Away from the war, consumer discretionary stocks were lifted on Thursday after Amazon CEO Andy Jassy announced that the firm’s artificial intelligence services at its key cloud division are raking in more than $15 billion.

Hormuz disruptions persist

Tanker traffic through the Strait of Hormuz is still near a virtual standstill, with Reuters reporting that shipping through the narrow waterway off of Iran’s southern coast was well below 10% of normal volumes on Thursday despite the ceasefire. Iran, whose chokehold on the strait has threatened the flow of around a fifth of the world’s oil, has told vessels that they must keep to its territorial waters while making any sailings.
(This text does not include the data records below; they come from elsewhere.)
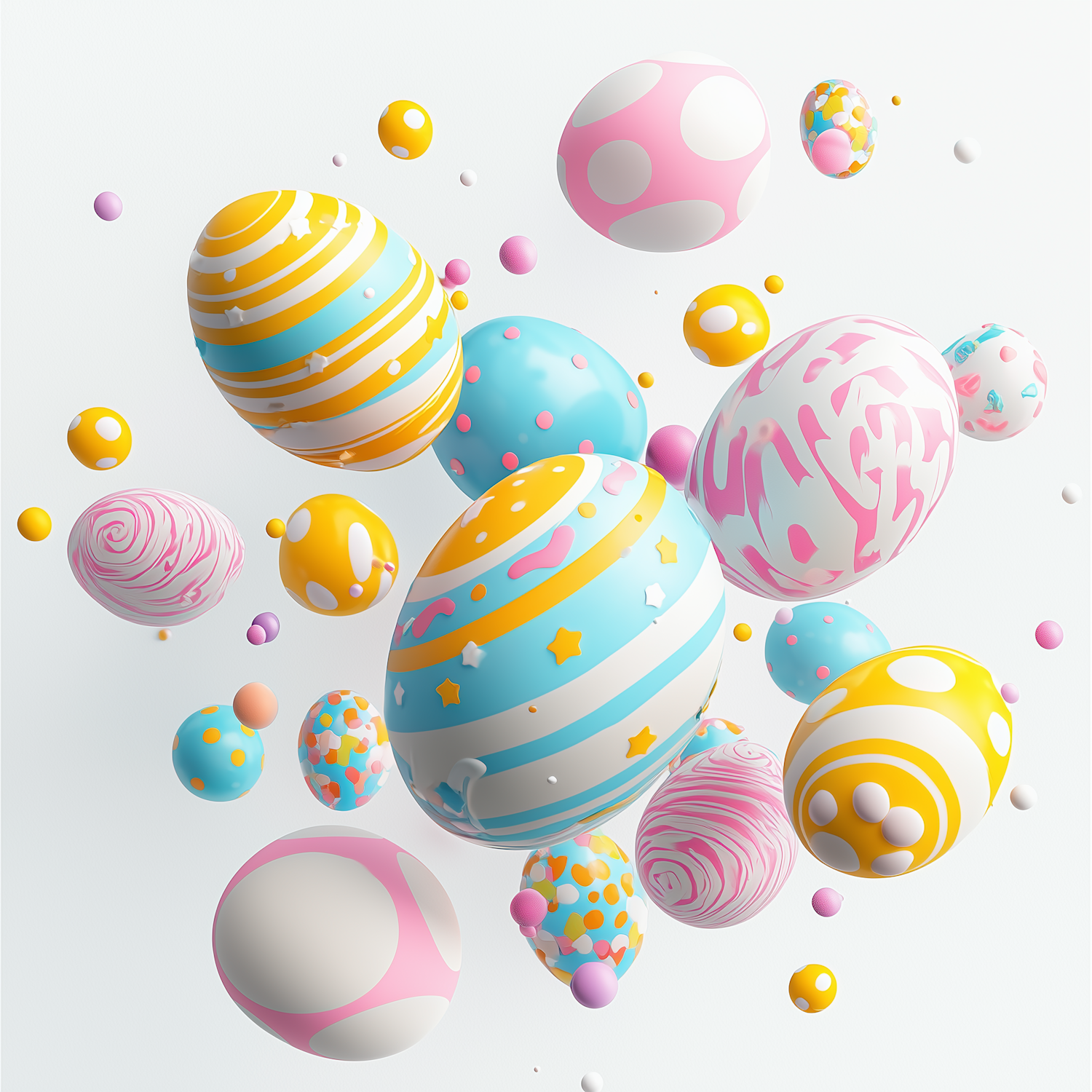 Floating pastel Easter eggs with stripes, dots, and stars in pink, blue, and yellow hues. A cheerful and festive design!
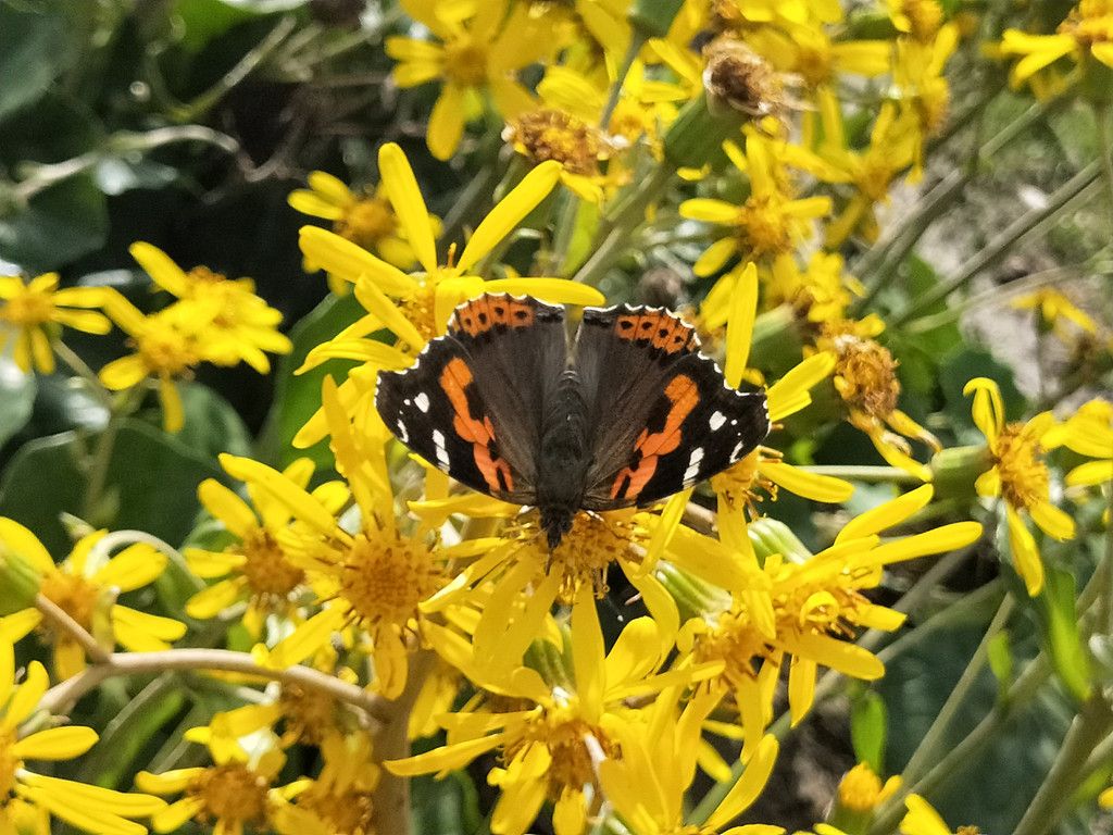 一只五彩斑斓的蝶栖在花瓣上,我悄悄地把手机慢慢靠近,居然还真的近距离地留下了它的倩影。后来又有一只蝶飞过来,小蜜蜂们也不甘寂寞,勤劳地采起蜜来。我忍不住笑了,不管它名称多少迷幻,眼前的花朵才是踏踏实实的呀。
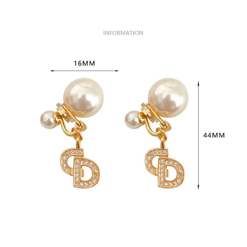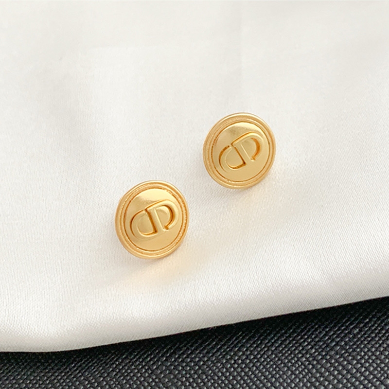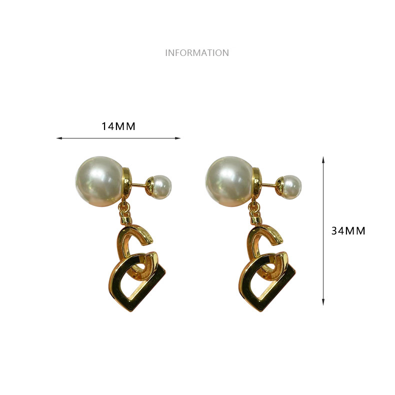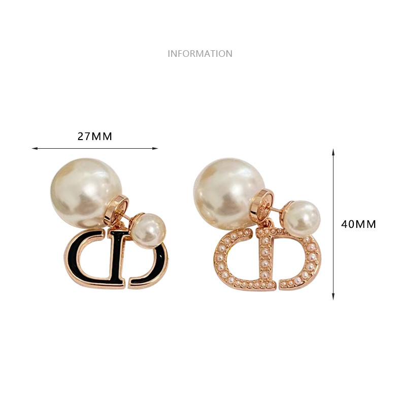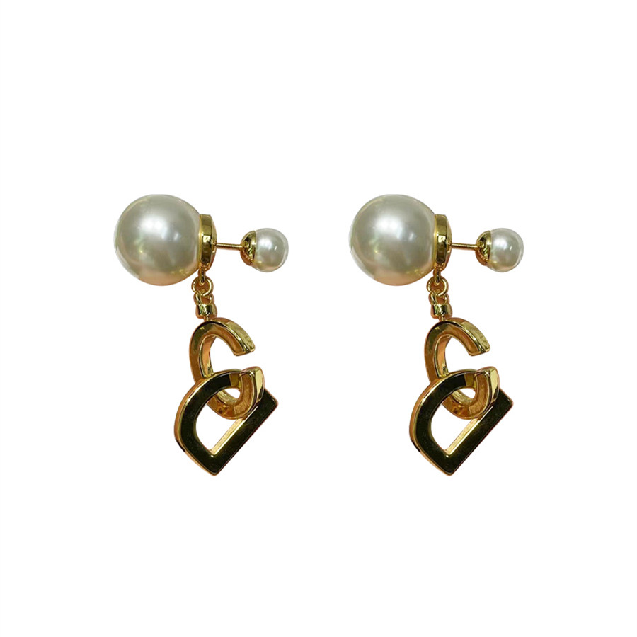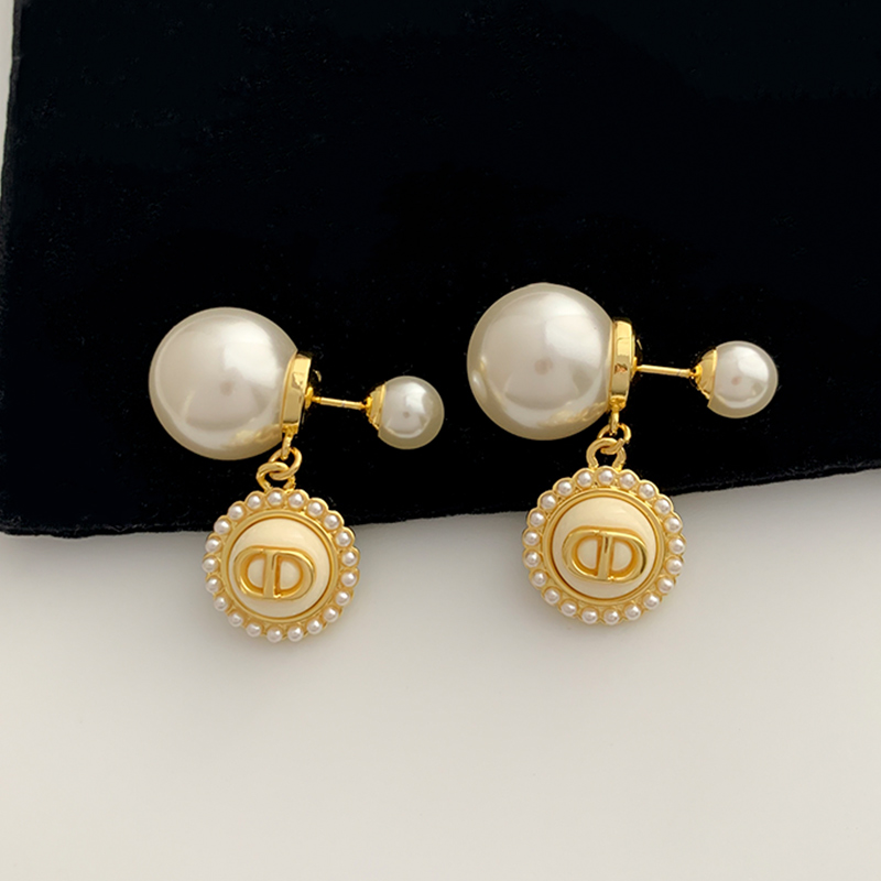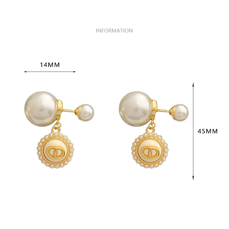 Round Button Letter CD Pendant Pearl Stud Earrings

Several Asian countries are heavy importers of crude products which traverse the strait, while Europe uses natural gas from Persian Gulf nations which have been targeted by Iranian attacks.
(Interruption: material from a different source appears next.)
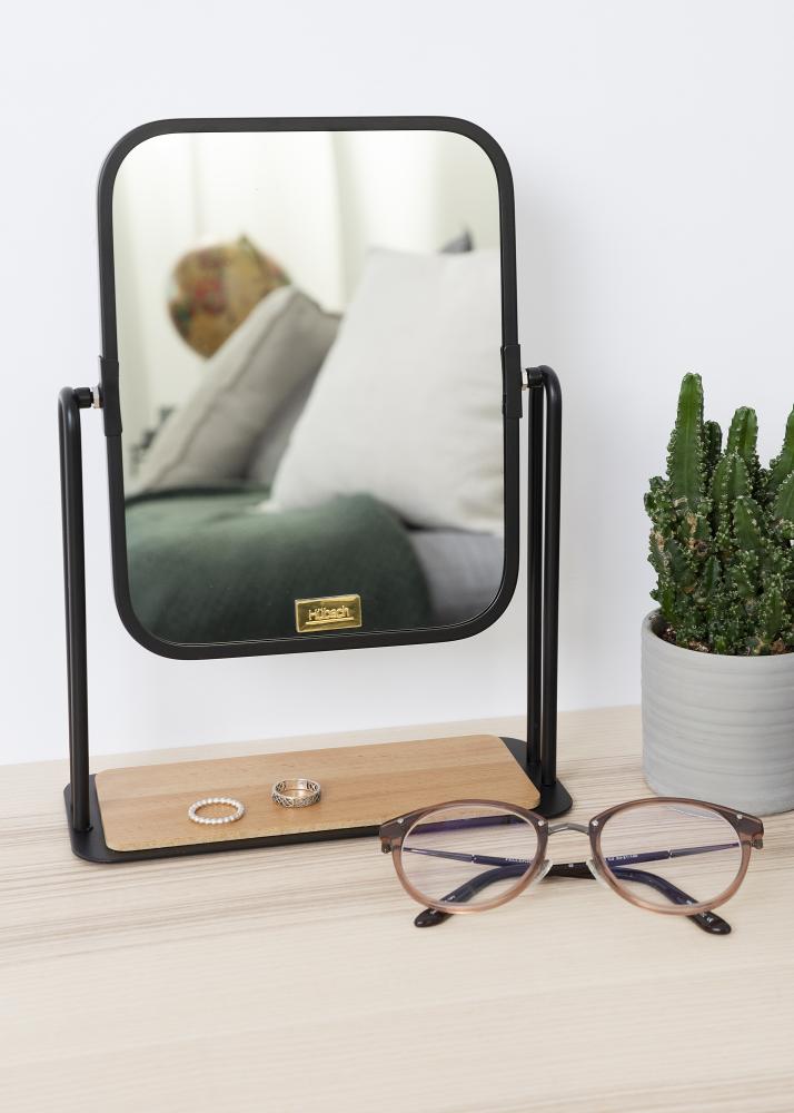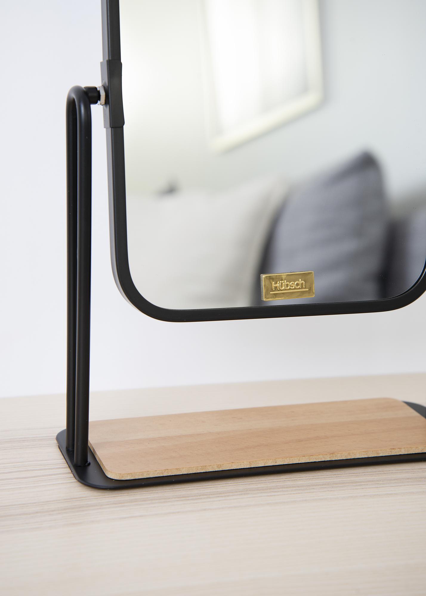 Dette bordspeilet er både pent og funksjonelt på flere måter. Speilet er rektangulært og er omkranset av en tynn og stilren ramme i svart metall. I bunnen av støtten er det en liten trebrikke som er perfekt til å oppbevare små krimskramserier.

Bombardments of Saudi energy facilities have also slashed the kingdom’s oil output capacity by about 600,000 barrels per day and throughput on its East-West Pipeline by roughly 700,000 barrels per day, Saudi state news agency SPA reported on Thursday.

The prospect of slow protracted shipping through the Strait of Hormuz and a decline in production in Saudi Arabia, a major crude center in the Middle East, pushed up oil prices.
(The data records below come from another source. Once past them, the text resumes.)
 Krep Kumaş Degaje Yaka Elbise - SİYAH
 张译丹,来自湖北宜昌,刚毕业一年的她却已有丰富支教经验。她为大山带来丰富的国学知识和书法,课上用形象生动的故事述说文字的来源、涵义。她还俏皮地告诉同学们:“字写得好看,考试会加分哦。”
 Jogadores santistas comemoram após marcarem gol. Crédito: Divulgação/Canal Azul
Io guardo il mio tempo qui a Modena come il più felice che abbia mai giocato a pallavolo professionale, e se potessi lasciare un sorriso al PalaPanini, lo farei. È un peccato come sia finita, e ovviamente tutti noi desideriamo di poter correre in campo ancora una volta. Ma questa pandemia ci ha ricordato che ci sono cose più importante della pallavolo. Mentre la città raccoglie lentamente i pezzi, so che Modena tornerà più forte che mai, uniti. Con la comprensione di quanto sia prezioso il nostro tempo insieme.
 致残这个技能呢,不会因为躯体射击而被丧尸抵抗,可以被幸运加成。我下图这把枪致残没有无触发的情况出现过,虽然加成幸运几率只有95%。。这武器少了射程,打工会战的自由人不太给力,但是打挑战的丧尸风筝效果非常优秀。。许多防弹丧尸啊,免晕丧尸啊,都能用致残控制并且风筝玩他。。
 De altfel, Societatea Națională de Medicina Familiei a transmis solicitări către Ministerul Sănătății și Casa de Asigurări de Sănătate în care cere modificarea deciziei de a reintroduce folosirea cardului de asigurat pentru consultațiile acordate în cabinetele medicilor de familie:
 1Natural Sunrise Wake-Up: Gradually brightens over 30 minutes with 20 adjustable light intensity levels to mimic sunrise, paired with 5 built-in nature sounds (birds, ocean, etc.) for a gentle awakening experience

Brent crude futures, the global oil benchmark, were steady at $95.92 a barrel, while U.S. West Texas Intermediate crude futures had ticked up by 0.2% to $98.02 per barrel. The temporary U.S.-Iran ceasefire has put oil prices on track for their biggest weekly decline since June 2025, although crude is still well above levels before the start of the joint U.S.-Israeli assault on Iran in late February.

U.S. CPI

U.S. consumer price growth accelerated sharply in March, largely driven by a spike in energy costs due to the Iran war, although the increase had been widely anticipated by markets.

In the twelve months to March, the consumer price index rose by 3.3%, compared to 2.4% in February and economists’ expectations of 3.4%. It was the largest increase since June 2022, when oil prices were rocketing higher in the wake of the outbreak of the war in Ukraine.

Month-on-month, the closely-tracked inflation gauge from the Labor Department jumped by 0.9%, versus 0.3% in the preceding month. The figure was seen at 1.0%.

Energy prices, in particular, spiked by 12.5% on an annualized basis, up dramatically from 0.5% in February.

The national average retail gasoline price has broken above $4 a gallon for the first time in over three years. The cost of diesel, a key source of fuel for the transportation of goods like food, has shot up as well.

Ahead of the release, analysts at ING argued that the Fed may choose not to give too much weight to the headline figure for now.

Earlier this week, February’s personal consumption expenditures price index, the Fed’s preferred inflation gauge, was in line with expectations. Gross domestic product data also showed U.S. economic growth was substantially slower than initially expected in the fourth quarter.

Gold on pace for weekly gain

Gold prices, meanwhile, hugged the flatline, leaving the yellow metal on track for a weekly rise.

Despite bullion’s traditional appeal as a safe-haven asset, it has largely faltered during the Iran conflict. The surge in oil prices stoked inflation concerns and raised expectations that the Federal Reserve could keep interest rates higher for longer -- posing a possible headwind for a non-yielding asset like gold.

Instead, investors flocked to the U.S. dollar, further denting gold’s appeal by making it more expensive for overseas buyers. But, given the fresh hopes for a lasting ceasefire, a tracker of the greenback against a basket of its currency peers was last weaker by more than 1% over the past one-week period.